**Exercise instructions**
Retype every line from the start of the data down to and including the line with "Es que las cadenas". Skip the pictures.

**Records provided**
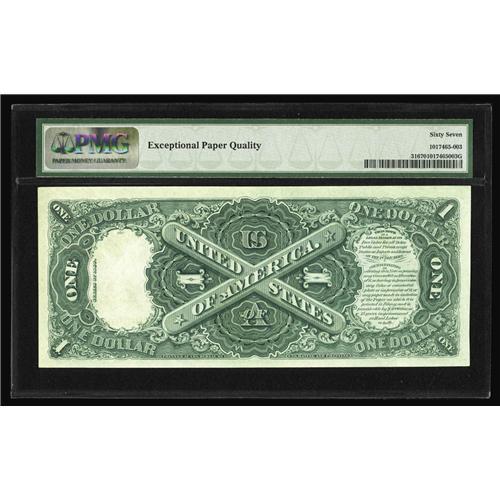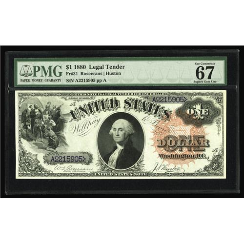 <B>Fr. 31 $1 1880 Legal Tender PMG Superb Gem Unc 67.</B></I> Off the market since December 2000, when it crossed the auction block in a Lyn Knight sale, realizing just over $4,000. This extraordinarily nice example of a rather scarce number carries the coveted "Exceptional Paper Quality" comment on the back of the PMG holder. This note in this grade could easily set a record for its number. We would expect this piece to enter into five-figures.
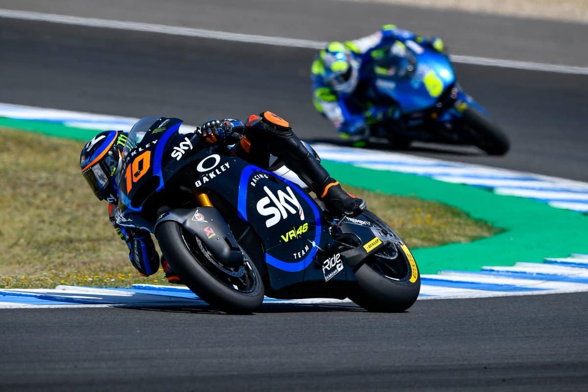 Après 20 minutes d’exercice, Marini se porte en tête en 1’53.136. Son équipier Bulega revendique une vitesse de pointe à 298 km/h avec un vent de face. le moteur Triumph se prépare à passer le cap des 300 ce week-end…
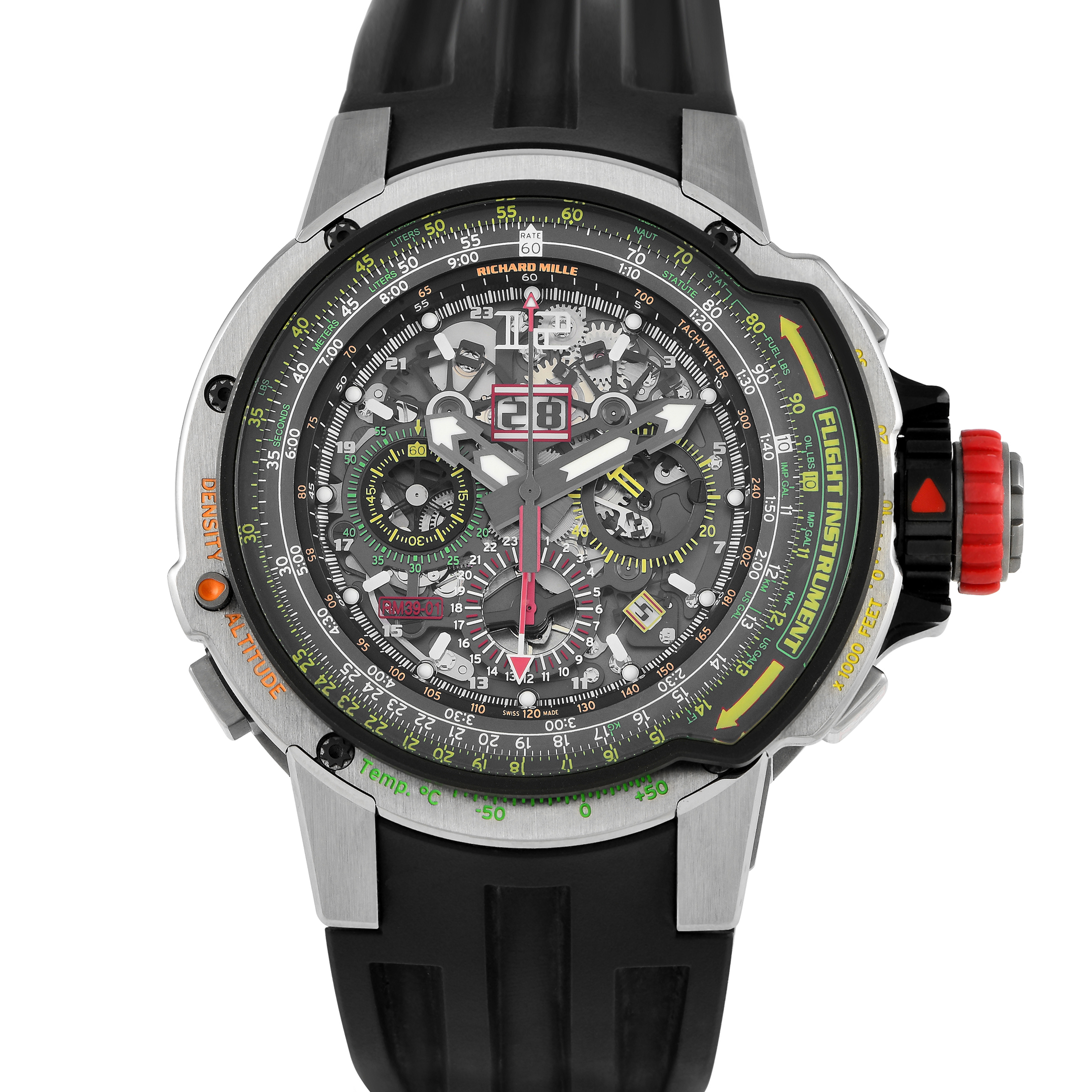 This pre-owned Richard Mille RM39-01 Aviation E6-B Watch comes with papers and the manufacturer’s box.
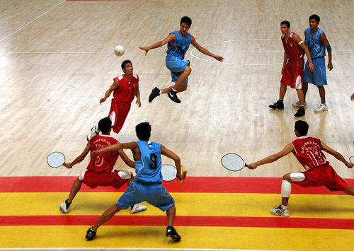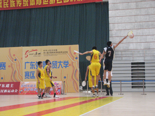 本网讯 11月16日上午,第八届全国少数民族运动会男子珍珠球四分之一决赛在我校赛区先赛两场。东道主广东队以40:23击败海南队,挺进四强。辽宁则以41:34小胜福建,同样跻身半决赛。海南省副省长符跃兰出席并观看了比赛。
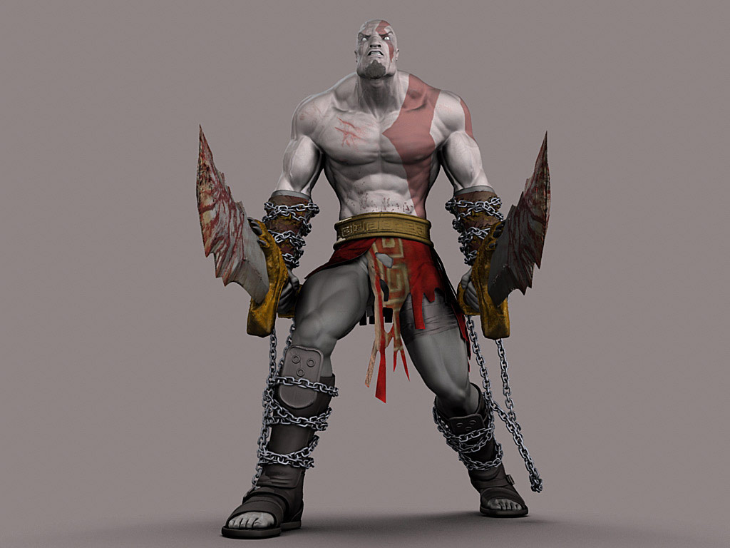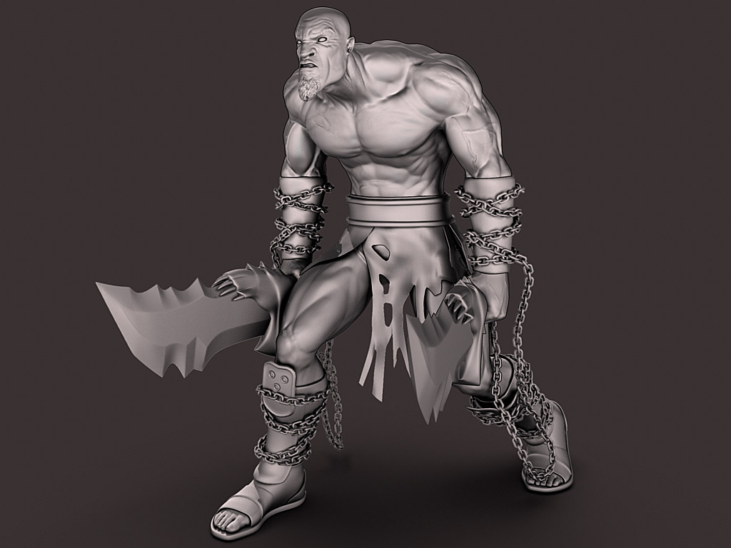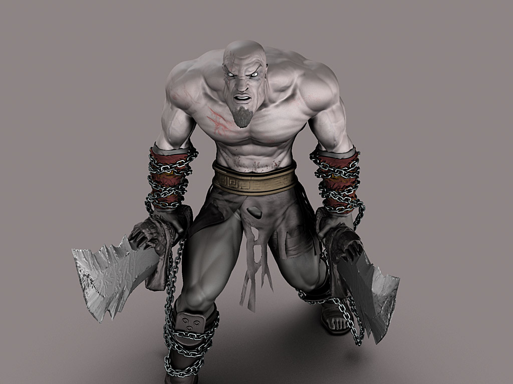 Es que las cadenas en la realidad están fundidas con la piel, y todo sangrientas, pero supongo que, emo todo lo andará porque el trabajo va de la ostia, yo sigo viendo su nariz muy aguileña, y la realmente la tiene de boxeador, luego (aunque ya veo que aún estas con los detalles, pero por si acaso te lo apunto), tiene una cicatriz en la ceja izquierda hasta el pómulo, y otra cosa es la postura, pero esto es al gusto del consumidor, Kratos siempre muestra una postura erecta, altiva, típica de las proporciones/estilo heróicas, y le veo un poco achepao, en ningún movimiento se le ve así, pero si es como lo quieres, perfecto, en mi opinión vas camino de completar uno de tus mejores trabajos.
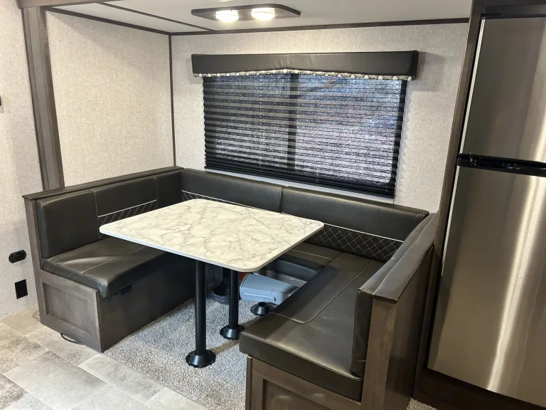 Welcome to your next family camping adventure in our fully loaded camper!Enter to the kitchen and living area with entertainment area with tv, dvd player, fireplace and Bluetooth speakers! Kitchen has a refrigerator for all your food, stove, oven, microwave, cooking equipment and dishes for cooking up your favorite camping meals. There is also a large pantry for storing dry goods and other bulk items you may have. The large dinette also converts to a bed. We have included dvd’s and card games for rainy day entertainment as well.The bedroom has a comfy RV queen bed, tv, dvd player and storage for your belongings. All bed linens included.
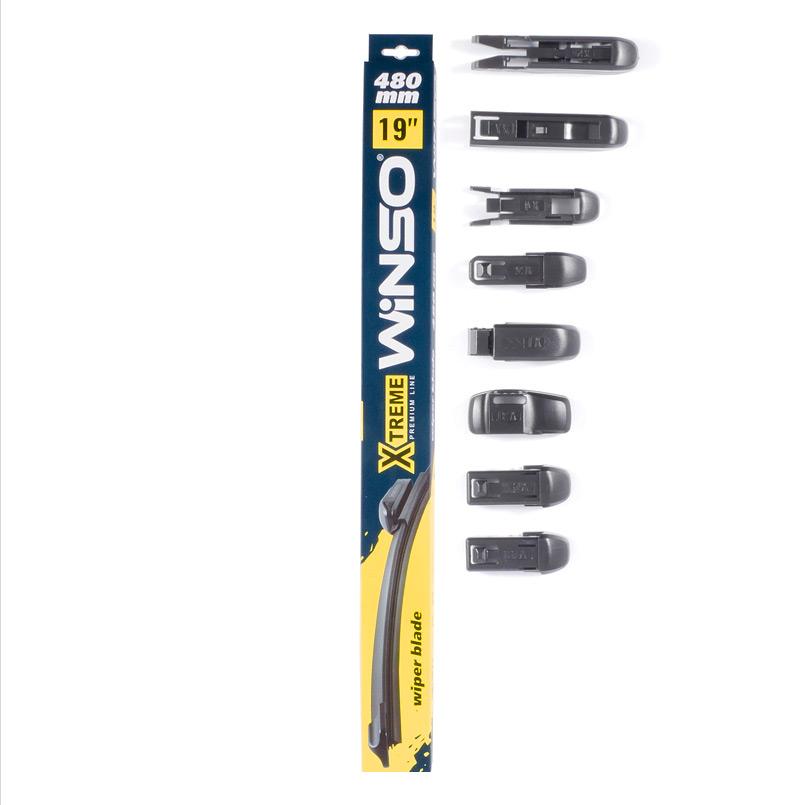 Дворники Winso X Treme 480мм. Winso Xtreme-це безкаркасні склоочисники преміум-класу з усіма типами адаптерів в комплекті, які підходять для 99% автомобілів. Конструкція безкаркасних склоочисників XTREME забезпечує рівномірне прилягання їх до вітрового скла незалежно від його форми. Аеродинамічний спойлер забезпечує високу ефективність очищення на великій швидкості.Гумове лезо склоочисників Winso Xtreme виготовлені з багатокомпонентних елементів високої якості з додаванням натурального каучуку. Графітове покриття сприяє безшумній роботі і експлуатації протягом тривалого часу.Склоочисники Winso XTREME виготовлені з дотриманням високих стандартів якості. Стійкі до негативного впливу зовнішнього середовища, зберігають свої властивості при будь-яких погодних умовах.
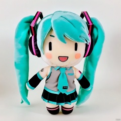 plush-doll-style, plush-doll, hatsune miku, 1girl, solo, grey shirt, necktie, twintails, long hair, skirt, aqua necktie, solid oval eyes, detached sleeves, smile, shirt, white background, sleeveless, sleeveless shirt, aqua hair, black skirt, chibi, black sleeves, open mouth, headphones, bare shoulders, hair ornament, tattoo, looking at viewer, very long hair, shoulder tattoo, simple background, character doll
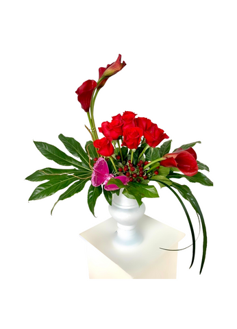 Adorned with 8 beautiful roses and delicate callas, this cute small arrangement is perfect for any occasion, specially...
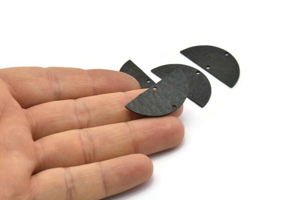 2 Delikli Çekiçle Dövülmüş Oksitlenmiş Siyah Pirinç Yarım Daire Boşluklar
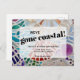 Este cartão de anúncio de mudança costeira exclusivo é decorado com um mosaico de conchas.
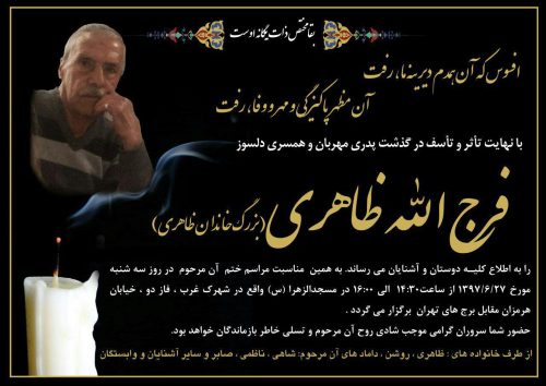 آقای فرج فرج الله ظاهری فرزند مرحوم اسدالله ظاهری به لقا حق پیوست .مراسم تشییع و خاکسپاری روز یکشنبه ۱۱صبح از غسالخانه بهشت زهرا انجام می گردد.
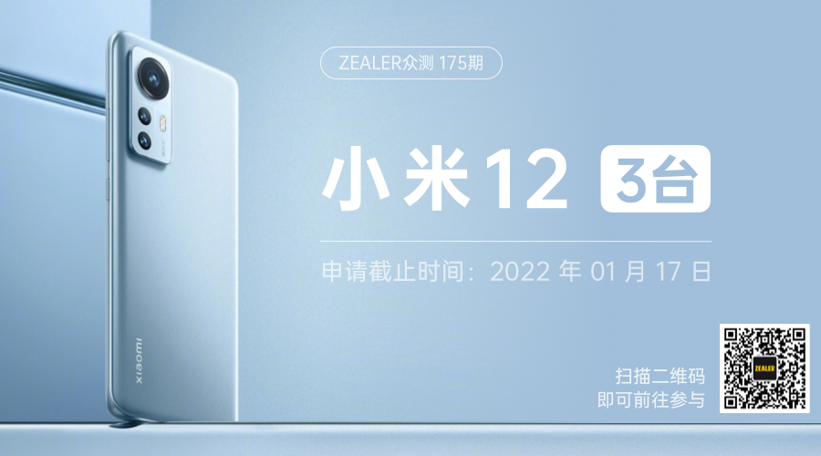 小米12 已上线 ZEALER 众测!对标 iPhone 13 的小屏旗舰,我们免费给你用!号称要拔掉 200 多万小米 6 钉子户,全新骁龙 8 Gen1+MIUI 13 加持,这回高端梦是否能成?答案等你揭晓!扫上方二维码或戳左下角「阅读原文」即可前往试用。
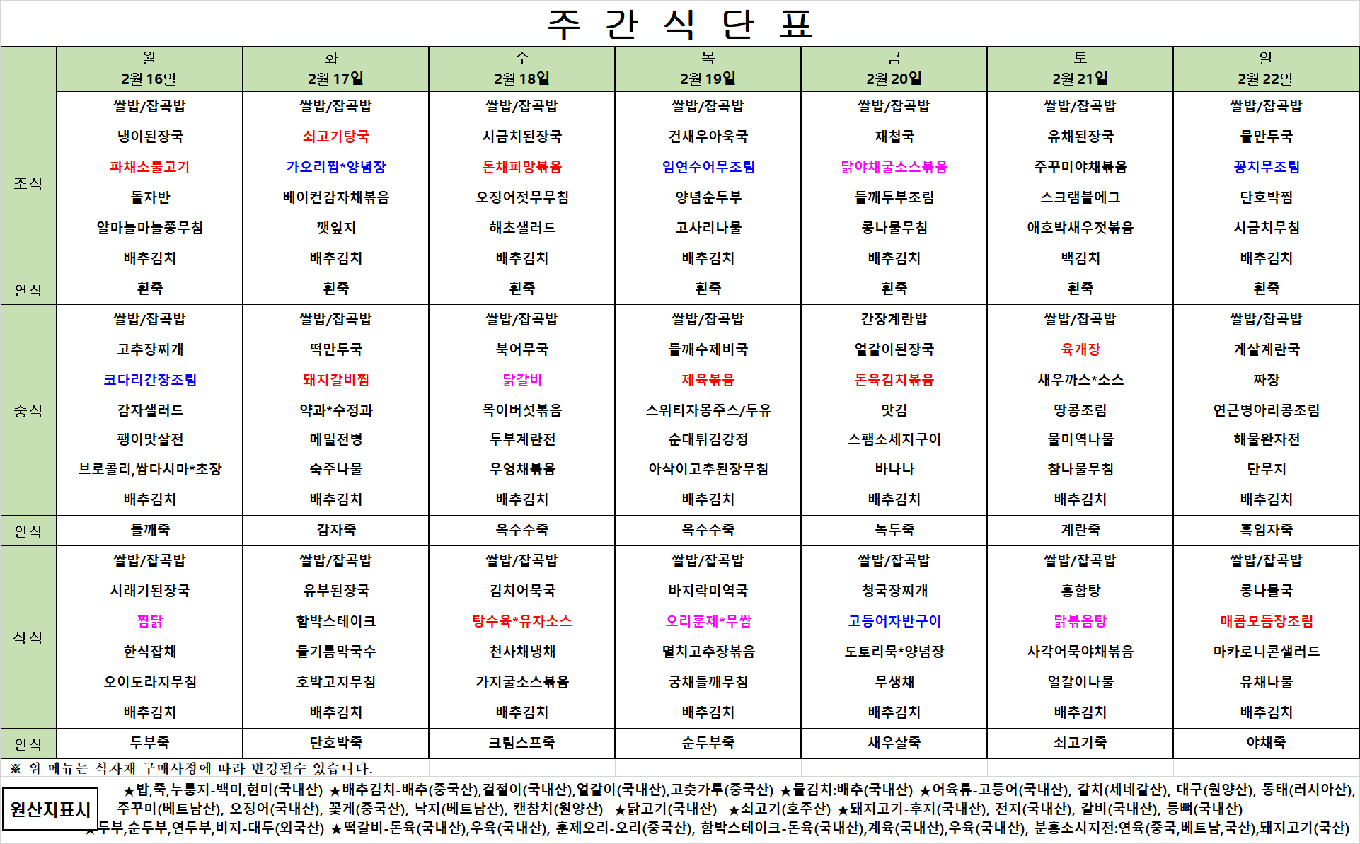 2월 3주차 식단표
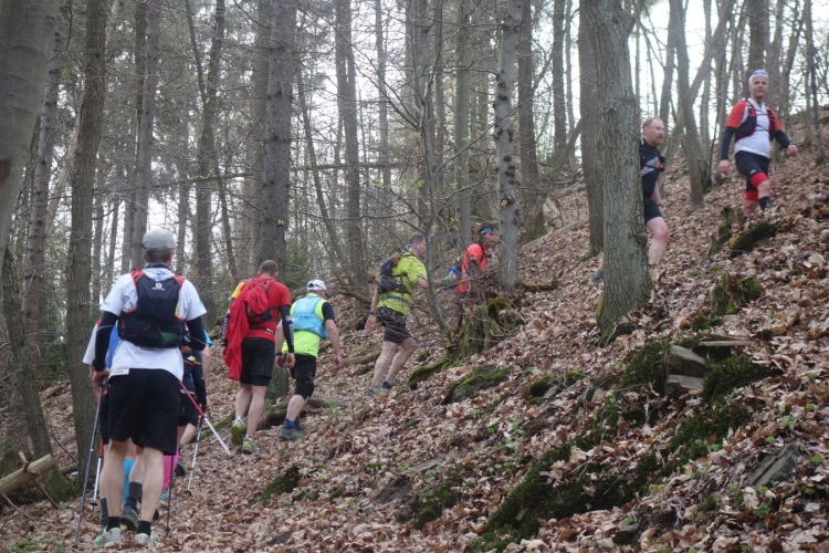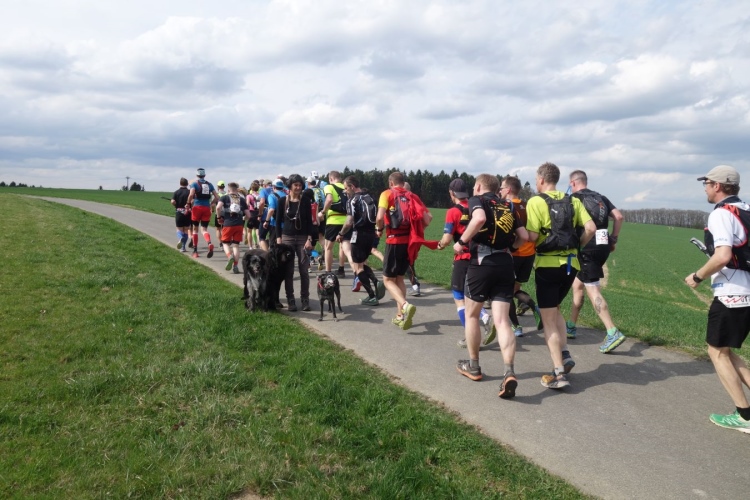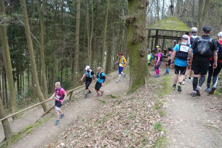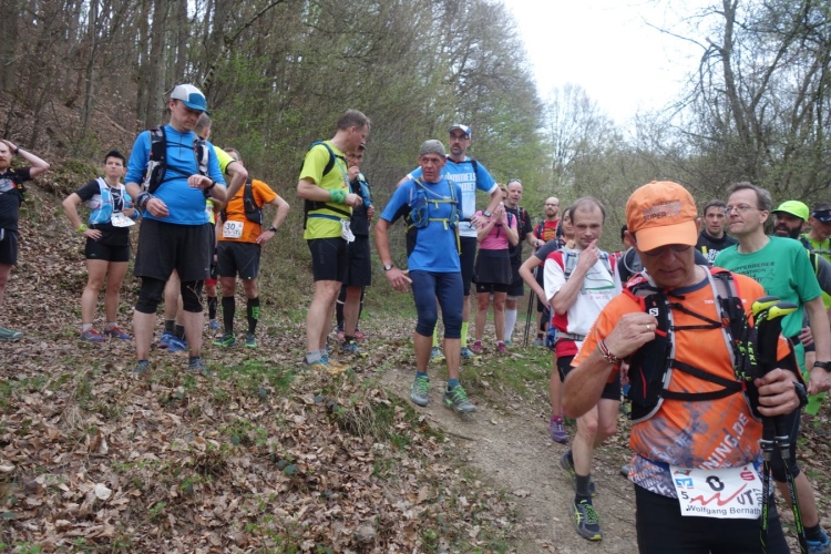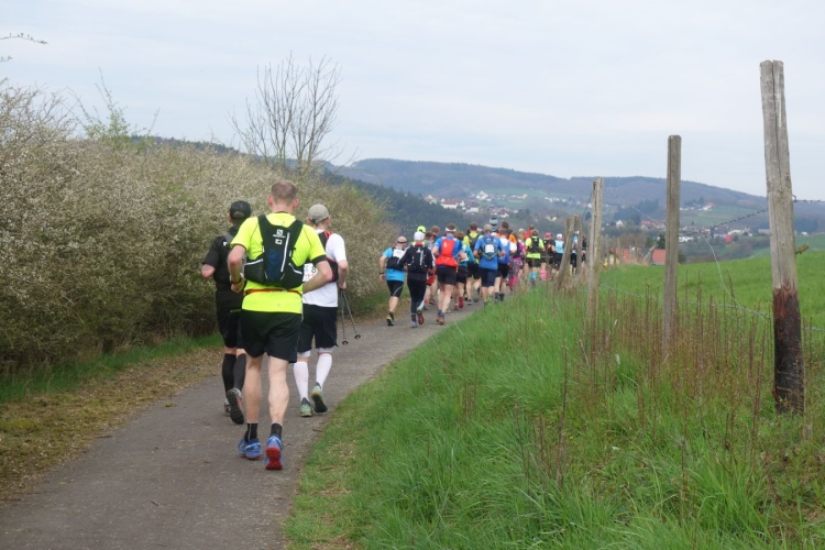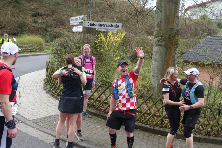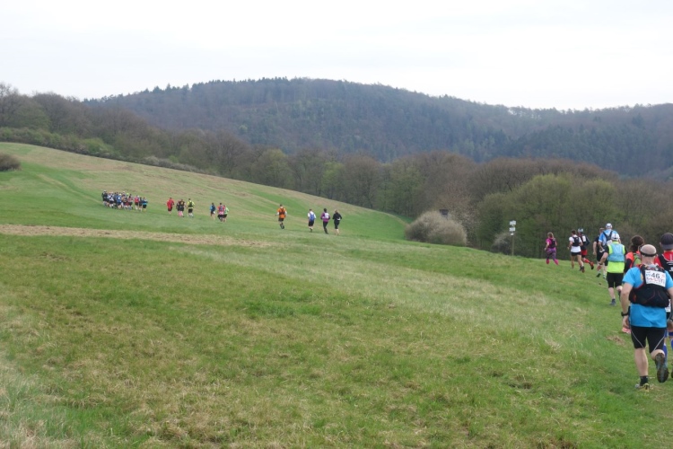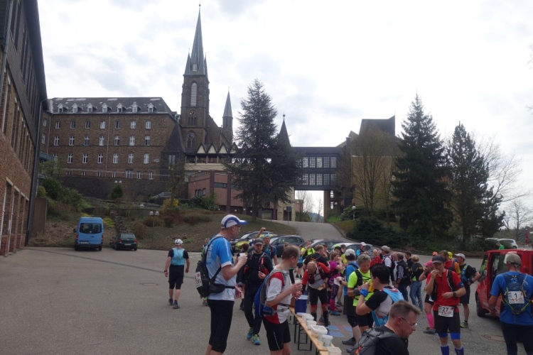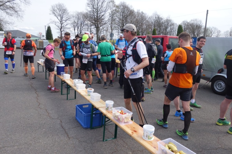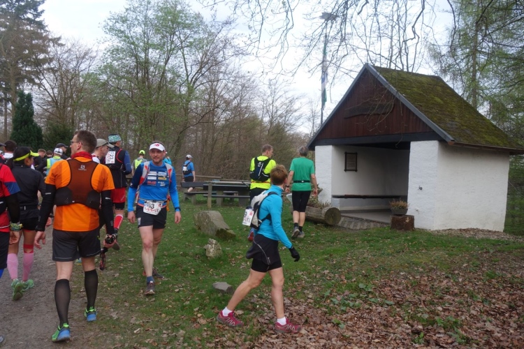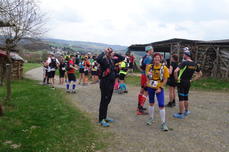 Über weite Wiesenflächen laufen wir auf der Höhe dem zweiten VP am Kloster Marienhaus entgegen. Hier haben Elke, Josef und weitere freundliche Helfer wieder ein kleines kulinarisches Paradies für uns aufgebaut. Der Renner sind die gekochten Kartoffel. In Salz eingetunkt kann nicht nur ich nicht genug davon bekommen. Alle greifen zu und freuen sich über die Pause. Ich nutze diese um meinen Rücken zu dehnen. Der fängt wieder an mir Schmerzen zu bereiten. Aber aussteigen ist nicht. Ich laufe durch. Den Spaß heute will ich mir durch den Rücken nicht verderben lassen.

**Exercise answer**
 <B>Fr. 31 $1 1880 Legal Tender PMG Superb Gem Unc 67.</B></I> Off the market since December 2000, when it crossed the auction block in a Lyn Knight sale, realizing just over $4,000. This extraordinarily nice example of a rather scarce number carries the coveted "Exceptional Paper Quality" comment on the back of the PMG holder. This note in this grade could easily set a record for its number. We would expect this piece to enter into five-figures.
 Après 20 minutes d’exercice, Marini se porte en tête en 1’53.136. Son équipier Bulega revendique une vitesse de pointe à 298 km/h avec un vent de face. le moteur Triumph se prépare à passer le cap des 300 ce week-end…
 This pre-owned Richard Mille RM39-01 Aviation E6-B Watch comes with papers and the manufacturer’s box.
 本网讯 11月16日上午,第八届全国少数民族运动会男子珍珠球四分之一决赛在我校赛区先赛两场。东道主广东队以40:23击败海南队,挺进四强。辽宁则以41:34小胜福建,同样跻身半决赛。海南省副省长符跃兰出席并观看了比赛。
 Es que las cadenas en la realidad están fundidas con la piel, y todo sangrientas, pero supongo que, emo todo lo andará porque el trabajo va de la ostia, yo sigo viendo su nariz muy aguileña, y la realmente la tiene de boxeador, luego (aunque ya veo que aún estas con los detalles, pero por si acaso te lo apunto), tiene una cicatriz en la ceja izquierda hasta el pómulo, y otra cosa es la postura, pero esto es al gusto del consumidor, Kratos siempre muestra una postura erecta, altiva, típica de las proporciones/estilo heróicas, y le veo un poco achepao, en ningún movimiento se le ve así, pero si es como lo quieres, perfecto, en mi opinión vas camino de completar uno de tus mejores trabajos.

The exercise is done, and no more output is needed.